Cerita ujian juga gak pernah kehilangan tempat. Apalagi pas
ujian famed. Sebelum ujiannya aja hamba harus diuji dulu dengan ban yang
tiba-tiba meletus di jalan. Gimana gak dek-dekan takut telat ujian dan gak
lulus karena ban, kan sedih. Setelah berhasil melewati ujian itu, harus diuji
lagi dengan bersabar nungguin pengujinya selesai dengan urusannya, sampai jadi
orang terakhir yang diuji. Apalagi diujinya sama ‘dewa langit’ ikm. Eh ternyata
pengujinya diganti, dan bukan oleh dokter yang lebih baik sih, tapi sama sama
dewa langit ikm yang angka mortalitasnya tinggi (re: banyak menidakluluskan
koas).
Dengan berhasilnya melewati 2 stase penih drama dan prahara
rumah tangga, akhirnya setengah perjalanan koas saya seudah lewat. Terharu. Bersyukur.
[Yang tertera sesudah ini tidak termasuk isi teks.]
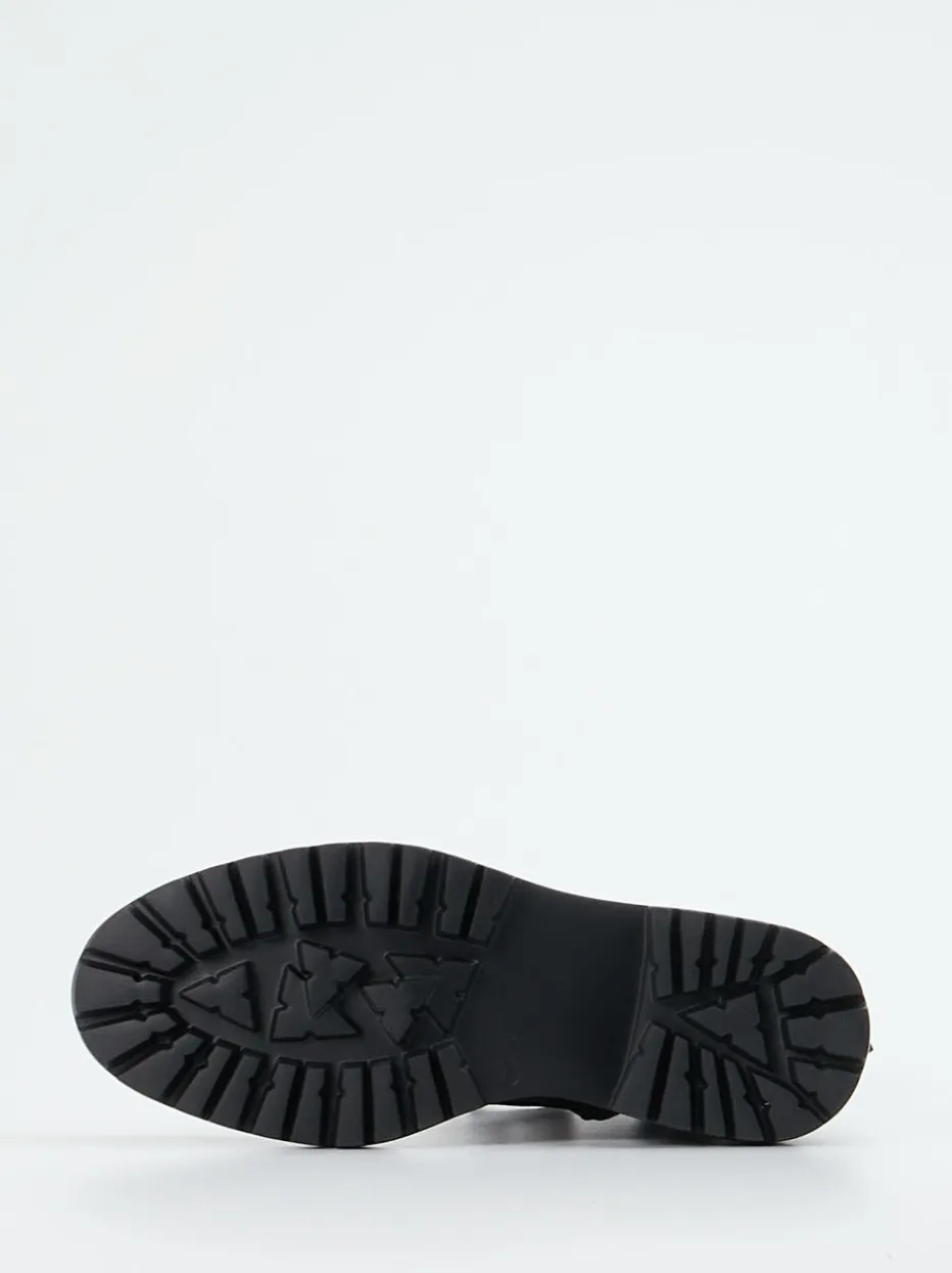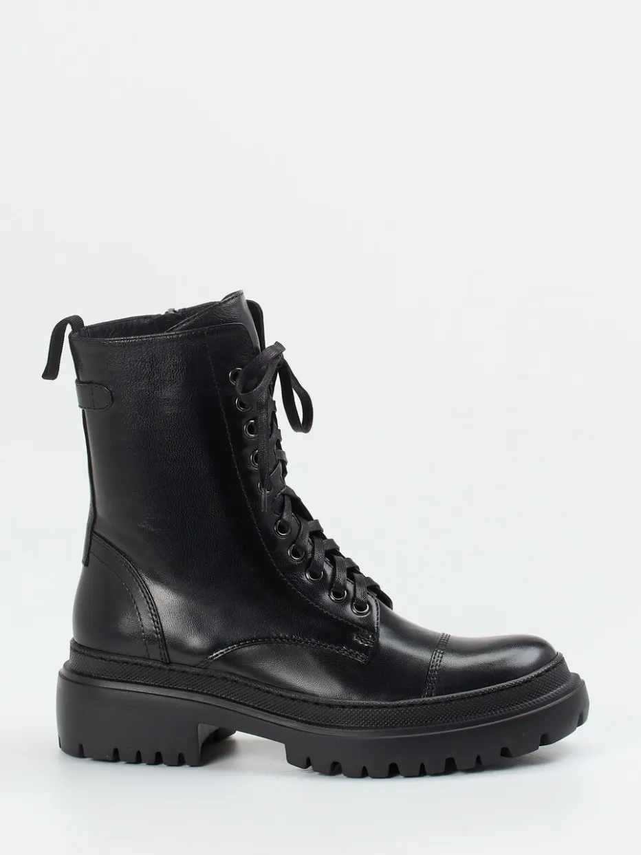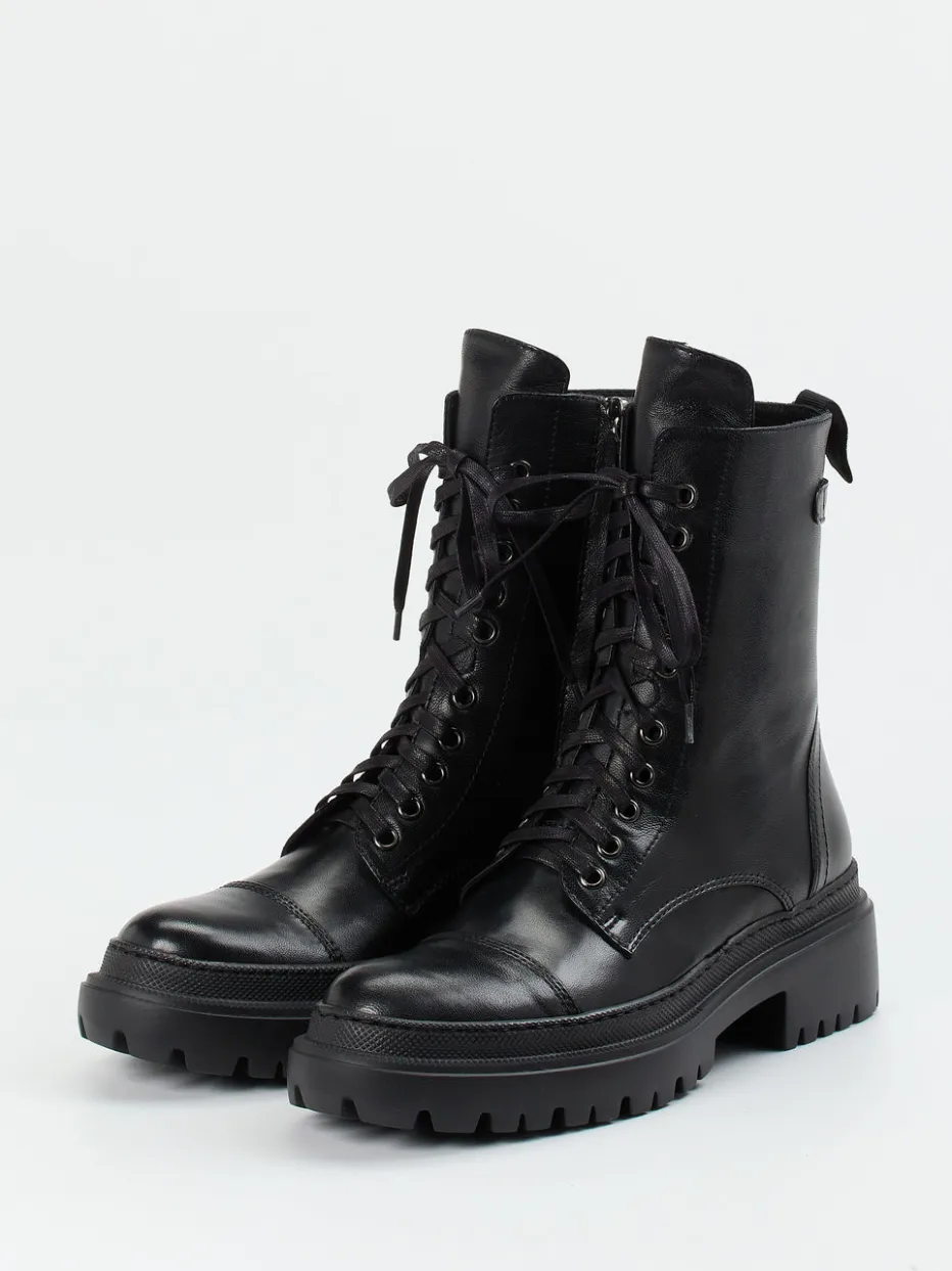 Funktion trifft Streetwear-Charakter.Konstantin Starke präsentiert eine Schnürstiefelette, die zeitlose Stabilität mit aktuellen Designcodes vereint. Ideal für stylische Alltagswege und lange Abende im urbanen Umfeld – das schwarze, handschuhweiche Lammleder mit glänzender Oberfläche und Ton-in-Ton-Nähten unterstreicht die hochwertige Verarbeitung. Der knöchelhohe Combat-Style mit markanter Profilgummisohle, schwarzem Reißverschluss und Metallösen trifft den Trend zu Chunky Soles und Neo-Utility. Die Kombination aus Schnürung und Innenreißverschluss sorgt für optimalen Komfort und einfaches Handling. Ein starkes Statement für moderne Looks mit Anspruch an Funktionalität und Qualität.

Saya masih hidup sampai detik ini dengan pengaharapan-pengharapan. Saya tahu,
betapa saya dan teman-teman punya ujian masing-masing yang harus dilewati saat
koas. Betapa banyak keringat, cerita, dan keputus-asaan yang harus dilewati. Tapi,
ngelihat kakak-kakak tingkat kami yang lulus saat kami stase ini, kami jadi
semangat. Bisa kok, bisa. Kakak-kakak kami buktinya. Pingin segera pasang wajah
bahagia seperti yang mereka punya.
“Had, 38 minggu lagi kamu giliran kamu!” antara sedih gak
koas lagi (bohong), bahagia karena garis finish terlihat, takut gak lulus karena
batu sandungan, ataupun khawatir karena sebentar lagi jadi dokter tapi masih
banyak begonya. Gak papa. Biarkan perjalanan koas ini yang menjawab “had, 38
minggu lagi giliran kamu”.
Dan sekarang, jadi 37 -36 minggu lagi.